Dataset excerpts
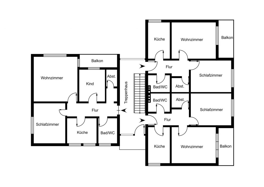 Obergeschoss | 3 Zimmer | ca. 75 m² mit Balkon → 249.000 €
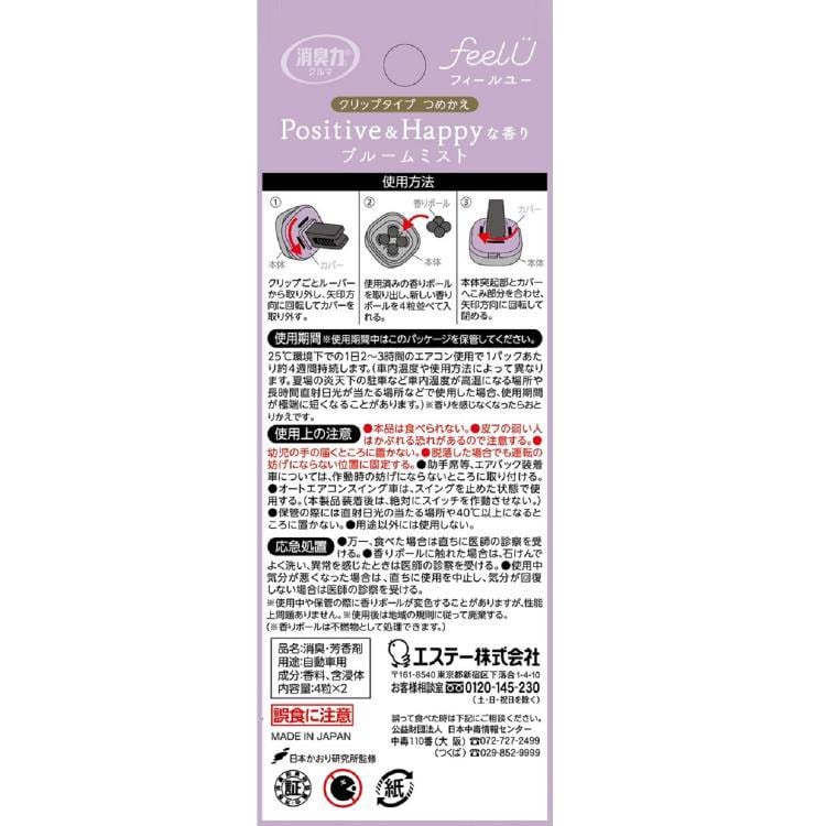 【消臭力 クルマ用 芳香剤 フィールユー クリップタイプ つめかえ ブルームミストの商品詳細】
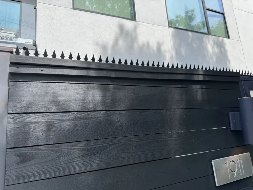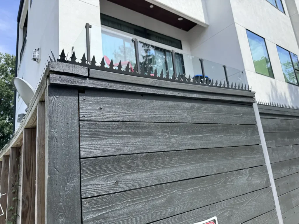 在休斯顿市中心附近的一处私人住宅,我们在一条炭色木栅栏的顶部安装了哥特式黑色双刃防攀爬尖刺。锋利的齿状设计与住宅的极简风格相辅相成,同时消除了抓握点、踩点和挂钩点。
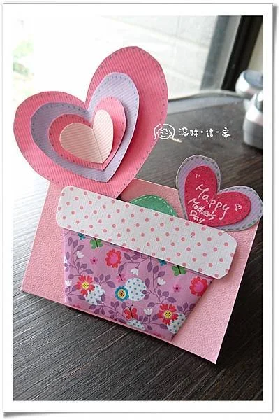 這次滾媽就把花和卡片結合在一起,變成一個愛心滿滿的小盆栽卡片,
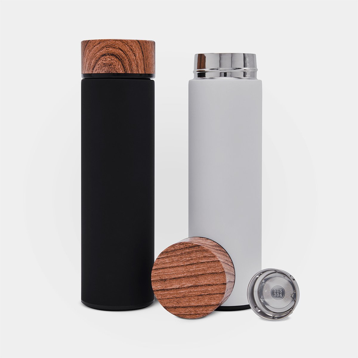 Doble pared. Cerrado al vacío. Pared interna y externa de acero inoxidable. Terminado tipo rubber. Incluye tapa de plástico simulación madera y filtro de acero inoxidable. Mantiene temperatura caliente 6 hrs y temperatura fría 8 hrs aproximadamente. Incluye caja individual.
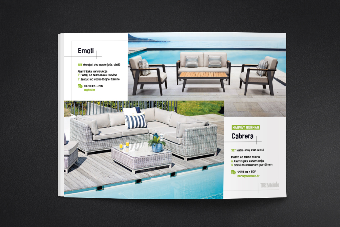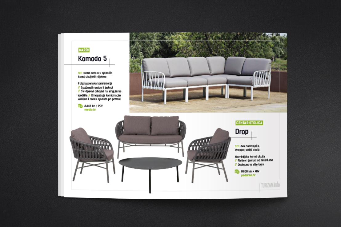 Iz časopisa Turizam info izdvajamo izlog aktualnih modela outdoor sjedećih garnitura.
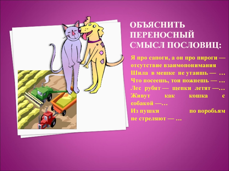 Слайд 33ОБЪЯСНИТЬ ПЕРЕНОСНЫЙ СМЫСЛ ПОСЛОВИЦ:

- **WHAT IS EXPECTED**
Every line above should be transcribed exactly, though no image should be carried over.

- **WRITTEN RESPONSE**
 Obergeschoss | 3 Zimmer | ca. 75 m² mit Balkon → 249.000 €
 【消臭力 クルマ用 芳香剤 フィールユー クリップタイプ つめかえ ブルームミストの商品詳細】
 在休斯顿市中心附近的一处私人住宅,我们在一条炭色木栅栏的顶部安装了哥特式黑色双刃防攀爬尖刺。锋利的齿状设计与住宅的极简风格相辅相成,同时消除了抓握点、踩点和挂钩点。
 這次滾媽就把花和卡片結合在一起,變成一個愛心滿滿的小盆栽卡片,
 Doble pared. Cerrado al vacío. Pared interna y externa de acero inoxidable. Terminado tipo rubber. Incluye tapa de plástico simulación madera y filtro de acero inoxidable. Mantiene temperatura caliente 6 hrs y temperatura fría 8 hrs aproximadamente. Incluye caja individual.
 Iz časopisa Turizam info izdvajamo izlog aktualnih modela outdoor sjedećih garnitura.
 Слайд 33ОБЪЯСНИТЬ ПЕРЕНОСНЫЙ СМЫСЛ ПОСЛОВИЦ:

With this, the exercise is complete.